Finance, Legal, and Marketing, for example, should never need to email files back and forth. A well-configured SharePoint Intranet acts as the connective tissue between business units, structuring collaboration into the way they work by default. No duplication, no versions, no hunting for the right document on share drives. No passwords over email, no unauthorized sharing of sensitive materials.

Standardized Taxonomy Makes the Whole Thing Searchable

Standardizing metadata and tagging conventions organization-wide may not be the sexiest transformation, but it’s certainly a candidate for most effective.

If a salesperson needs specific data from engineering, they shouldn’t have to wait for a response. If every file in the organization is consistently tagged by project (at the least), by department, content type, and date, that information is at their fingertips.

The same goes for HR policies, brand assets, compliance documents, and IT documentation. Metadata tags are what turn a repository into a knowledge base. Without them even the best-designed repository is just a jumble of unsorted drawers.

The actual taxonomy isn’t even that important. It just needs to be simple, consistent, and enforced from the very first day (the change management challenge here is likely to be more in convincing users to stop using their old departmental filing nomenclature).

Automate the Approval Loops That Kill Cross-Departmental Speed

One of the most silent time-wasters in hybrid work is the approval cycle. A brief leaves Marketing, stays in Legal’s inbox for two days because nobody marked it as urgent, returns with some comments, and the process repeats. In an office, it would have been a five-minute walk. In a hybrid, it just waits.

Workflow automation takes care of this without requiring behavioral changes from anybody. An automated routing ensures that a submitted brief goes directly to the appropriate reviewer, with automatic deadline reminders and a status log visible that avoids having to send emails to verify if it has been reviewed.

Also, document governance integrates into this. When permissions are well configured, people can work together without worrying if they are consulting data that is confidential and they shouldn’t see.

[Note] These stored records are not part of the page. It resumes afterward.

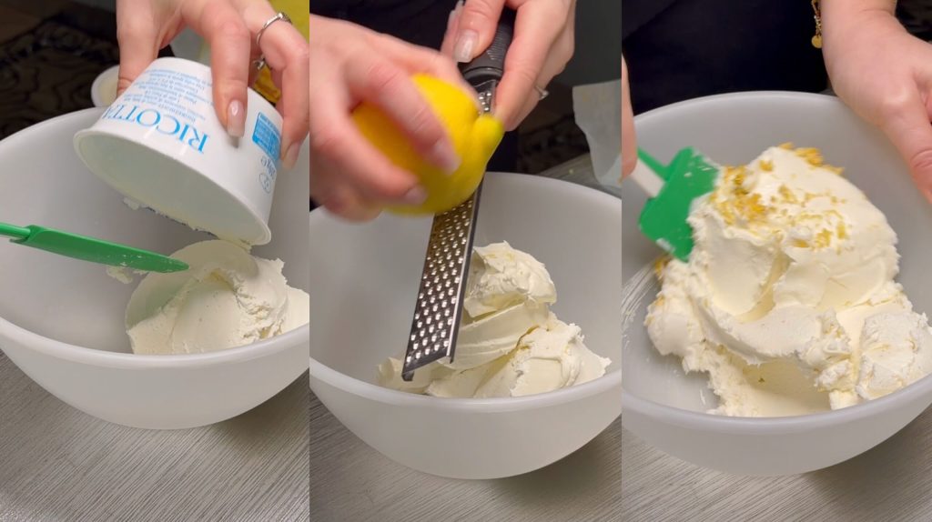 Dans un bol, mélangez la ricotta, le fromage à tartiner, le zeste de citron et le sel. Si besoin, ajoutez un peu de lait pour assouplir la crème.
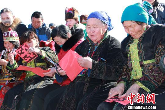 3月4日,在新疆北部和布克赛尔县莫特格乡,一场别开生面的农牧民妇女趣味比赛吸引了大家的眼球,妇女们进行了编绳子、剪纸等趣味游戏,让现场一阵欢呼和喝彩。图为农牧民妇女剪花比赛。叶尔青 摄
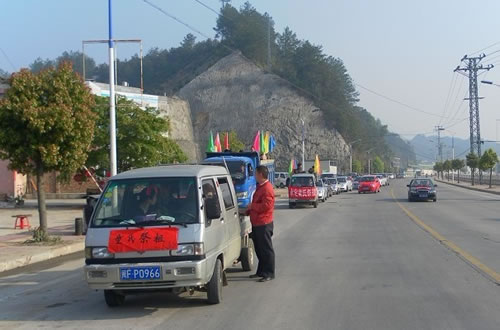 祭祖车队在大元村口集中
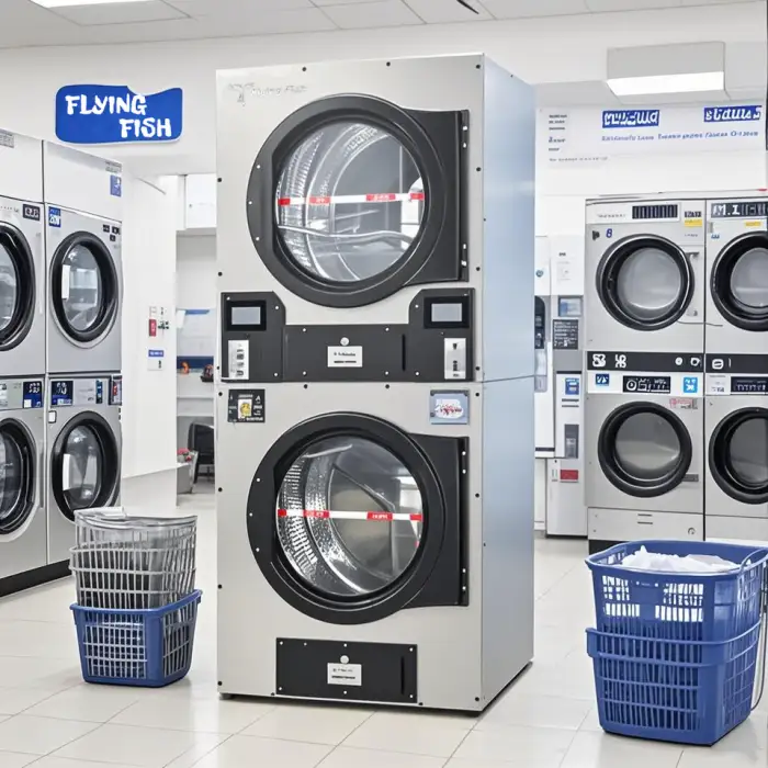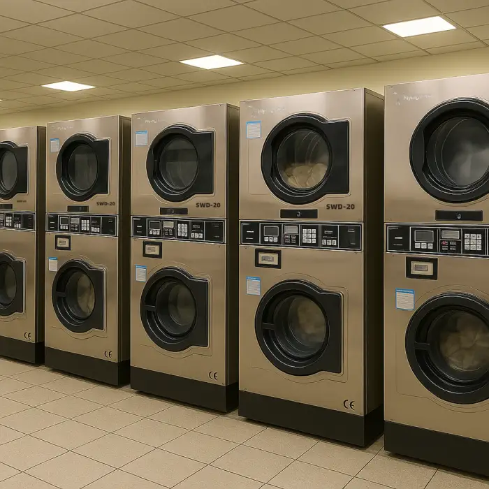 The machine is coin-operated and supports multiple coins and tokens, making it easy for users to access laundry services.
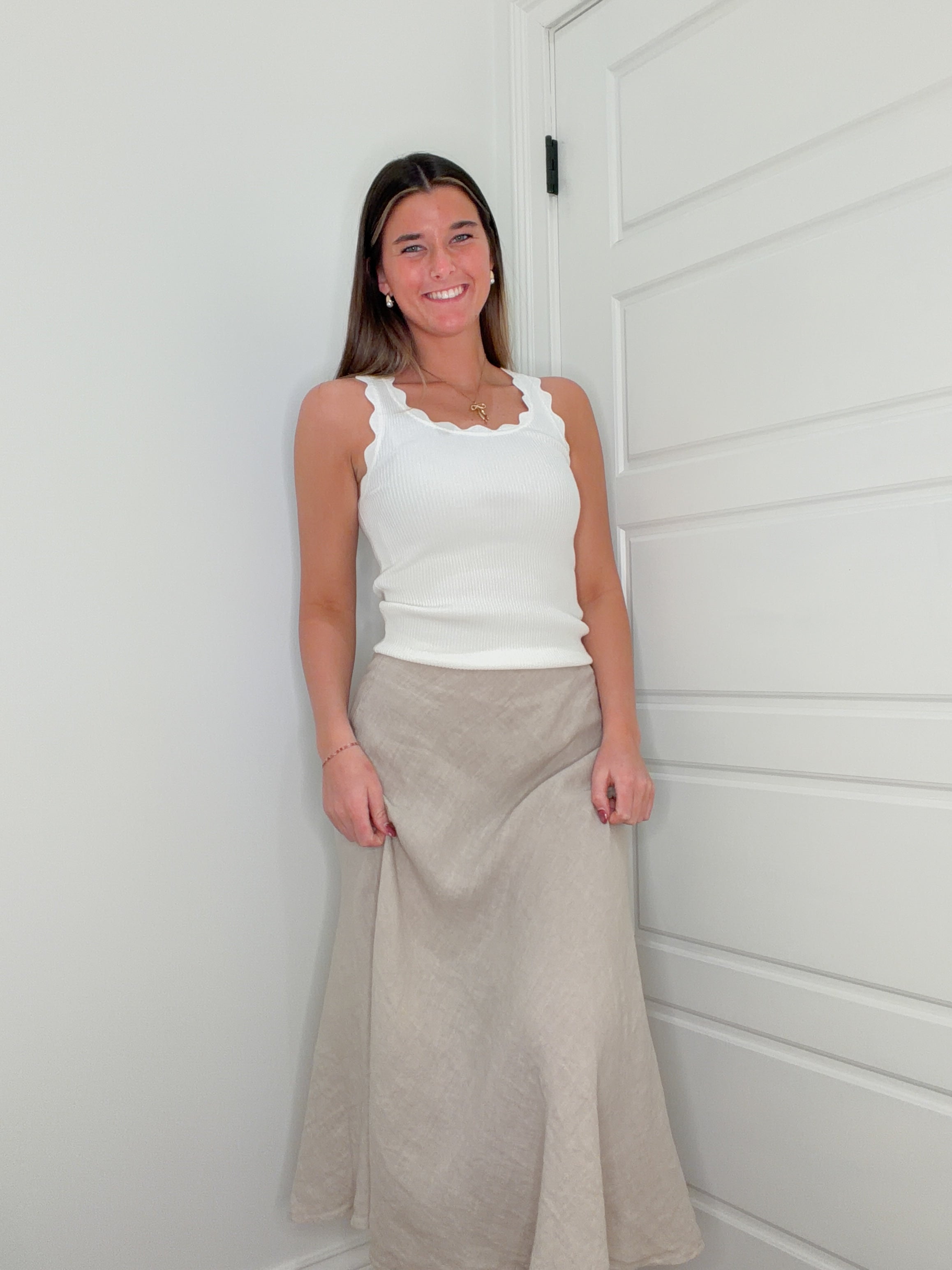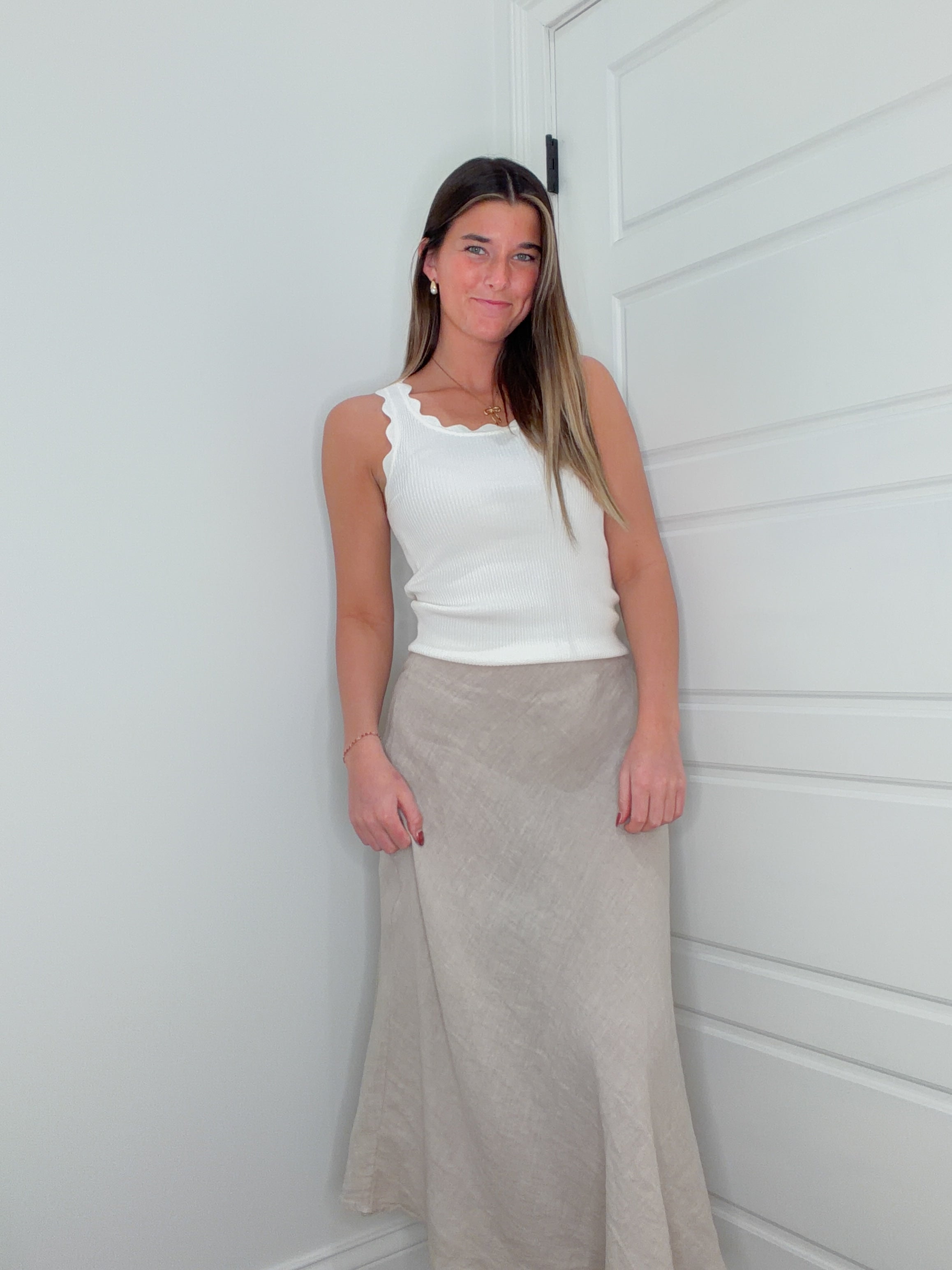 Escape to breezy seaside vibes with this effortless beige linen midi skirt. The Coastal Charm brings relaxed elegance to your everyday wardrobe—perfect for strolling through farmers markets, beach getaways, or lazy afternoons on the porch. Crafted from breathable linen, it moves with you while keeping cool when temperatures rise. Pair it with your favorite sandals and a light blouse for that coveted coastal-inspired look that feels like a permanent vacation.

This becomes important when Finance and Marketing share the same work space.

Build For Self-Service From the Start

The ultimate objective is to create a digital workspace where your employees are able to address most of their inter-departmental requirements on their own. Find the IT request form. Source the approved brand deck. Reference the current HR leave policy. Submit a procurement request. None of these interactions should necessitate an ask.

On average the self-service works when the thing is easy to find. To that end, you need simple navigation, uniform UI/UX in all your departments’ applications, and a living (rather than a dumping ground) knowledge repository.

In a hybrid organization, department closeness is its digital function. How good the workplace you provide them with is, in terms of finding and ordering/processing things (instead of sending and requesting stuff) defines real cross-departmental functional working proximity. This is important, and most hybrid work papers miss this point.